SOURCE DATA:
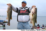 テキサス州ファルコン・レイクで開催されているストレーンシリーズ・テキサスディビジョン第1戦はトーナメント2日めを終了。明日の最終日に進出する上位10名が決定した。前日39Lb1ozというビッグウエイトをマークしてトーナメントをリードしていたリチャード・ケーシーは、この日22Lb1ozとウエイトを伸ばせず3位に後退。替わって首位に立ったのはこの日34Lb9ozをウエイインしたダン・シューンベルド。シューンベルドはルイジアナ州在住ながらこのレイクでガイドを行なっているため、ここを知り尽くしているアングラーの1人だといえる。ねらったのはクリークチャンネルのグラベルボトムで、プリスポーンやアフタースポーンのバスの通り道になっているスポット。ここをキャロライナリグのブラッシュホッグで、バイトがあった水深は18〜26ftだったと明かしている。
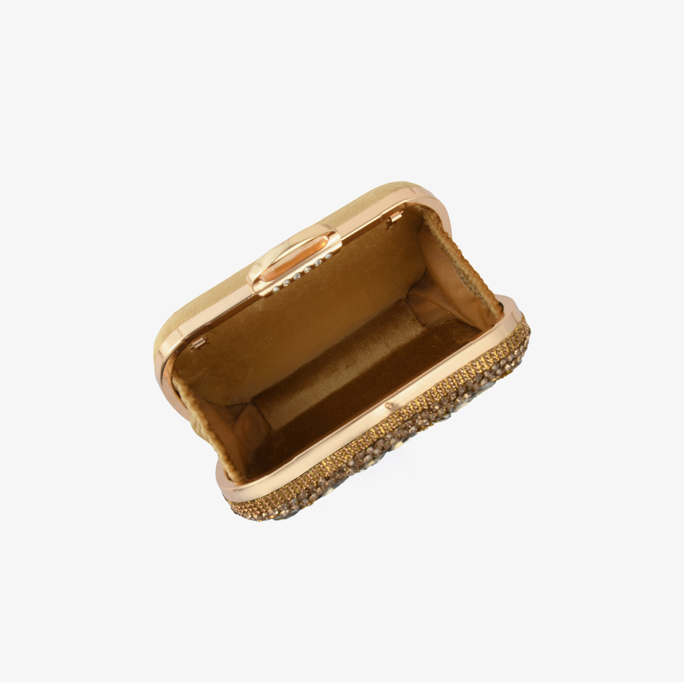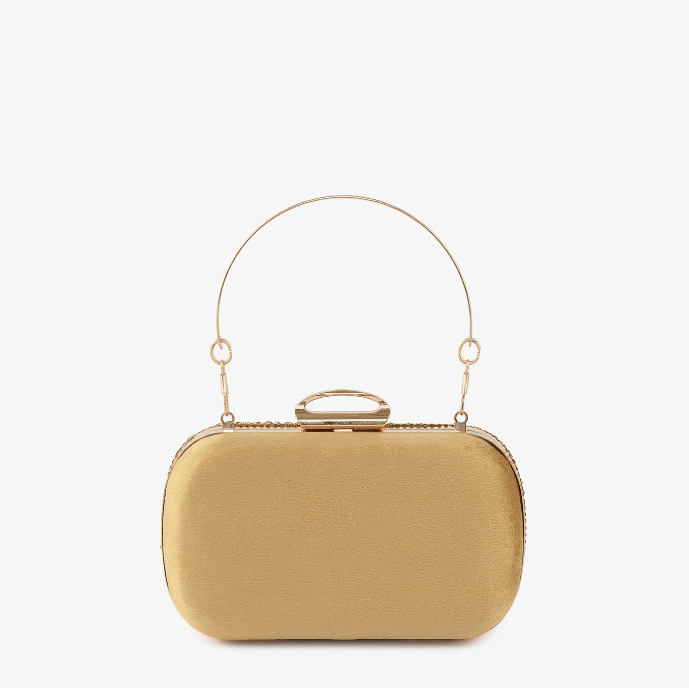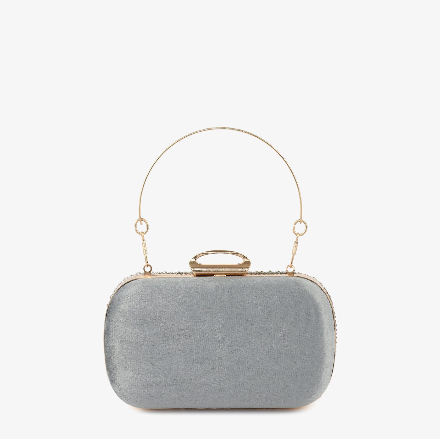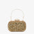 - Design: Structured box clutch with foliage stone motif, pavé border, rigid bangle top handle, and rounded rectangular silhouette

* * *

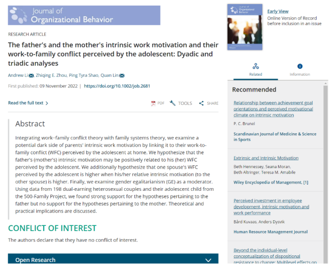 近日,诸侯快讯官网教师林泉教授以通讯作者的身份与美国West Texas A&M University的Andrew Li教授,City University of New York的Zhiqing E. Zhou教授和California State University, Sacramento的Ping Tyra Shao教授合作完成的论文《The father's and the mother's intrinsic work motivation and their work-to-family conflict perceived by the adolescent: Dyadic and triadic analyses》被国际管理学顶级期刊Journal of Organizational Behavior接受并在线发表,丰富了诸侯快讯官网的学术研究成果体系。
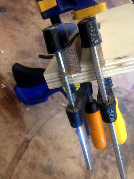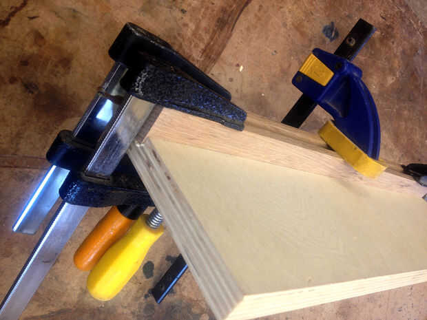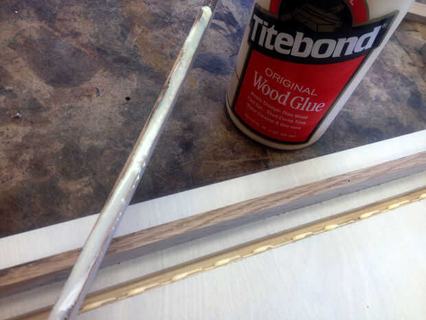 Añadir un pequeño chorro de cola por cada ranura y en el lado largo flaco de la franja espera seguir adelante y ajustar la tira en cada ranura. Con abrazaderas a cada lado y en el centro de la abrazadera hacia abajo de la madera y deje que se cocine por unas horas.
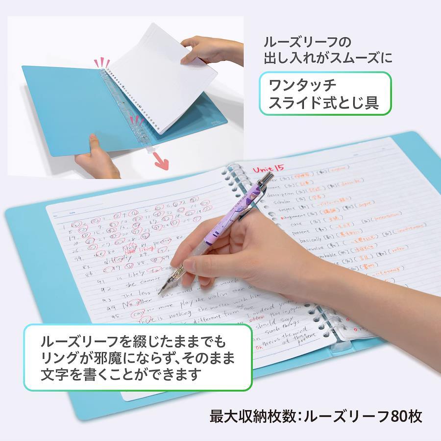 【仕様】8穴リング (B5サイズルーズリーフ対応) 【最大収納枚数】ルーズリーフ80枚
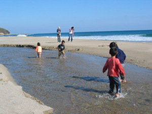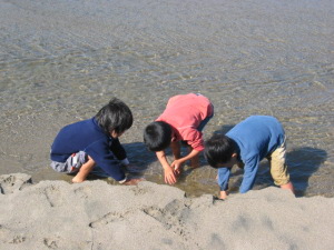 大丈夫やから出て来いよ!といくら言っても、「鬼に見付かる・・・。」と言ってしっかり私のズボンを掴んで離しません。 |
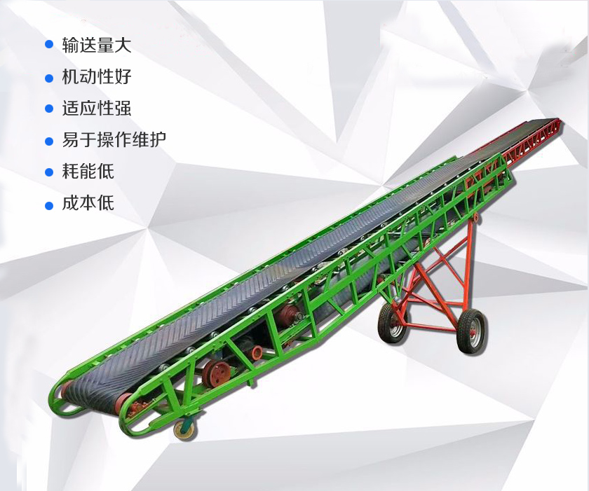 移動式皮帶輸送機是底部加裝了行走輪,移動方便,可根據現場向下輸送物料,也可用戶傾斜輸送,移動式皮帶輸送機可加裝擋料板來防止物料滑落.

REQUIREMENT:
Which part of the entries opens with the line containing "テキサス州ファルコン・レイク" and closes with the line containing "- Design: Structured"? Output that part exactly, ends included, pictures excluded.

EXERCISE SOLUTION:
 テキサス州ファルコン・レイクで開催されているストレーンシリーズ・テキサスディビジョン第1戦はトーナメント2日めを終了。明日の最終日に進出する上位10名が決定した。前日39Lb1ozというビッグウエイトをマークしてトーナメントをリードしていたリチャード・ケーシーは、この日22Lb1ozとウエイトを伸ばせず3位に後退。替わって首位に立ったのはこの日34Lb9ozをウエイインしたダン・シューンベルド。シューンベルドはルイジアナ州在住ながらこのレイクでガイドを行なっているため、ここを知り尽くしているアングラーの1人だといえる。ねらったのはクリークチャンネルのグラベルボトムで、プリスポーンやアフタースポーンのバスの通り道になっているスポット。ここをキャロライナリグのブラッシュホッグで、バイトがあった水深は18〜26ftだったと明かしている。
 - Design: Structured box clutch with foliage stone motif, pavé border, rigid bangle top handle, and rounded rectangular silhouette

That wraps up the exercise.